:: SUPPLIED DATA ::
###

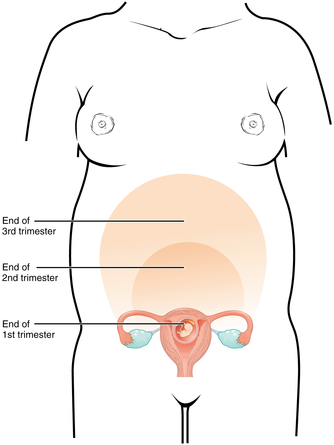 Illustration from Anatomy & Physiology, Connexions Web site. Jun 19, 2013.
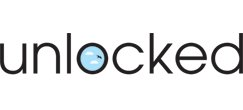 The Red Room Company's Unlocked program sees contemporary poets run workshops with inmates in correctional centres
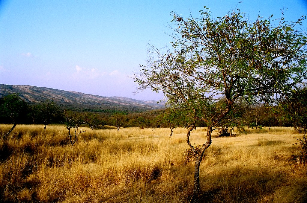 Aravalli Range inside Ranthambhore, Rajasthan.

###

:: YOUR GOAL ::
Go through the material above and retype every line exactly, without the images.

:: TASK SOLUTION ::
 Illustration from Anatomy & Physiology, Connexions Web site. Jun 19, 2013.
 The Red Room Company's Unlocked program sees contemporary poets run workshops with inmates in correctional centres
 Aravalli Range inside Ranthambhore, Rajasthan.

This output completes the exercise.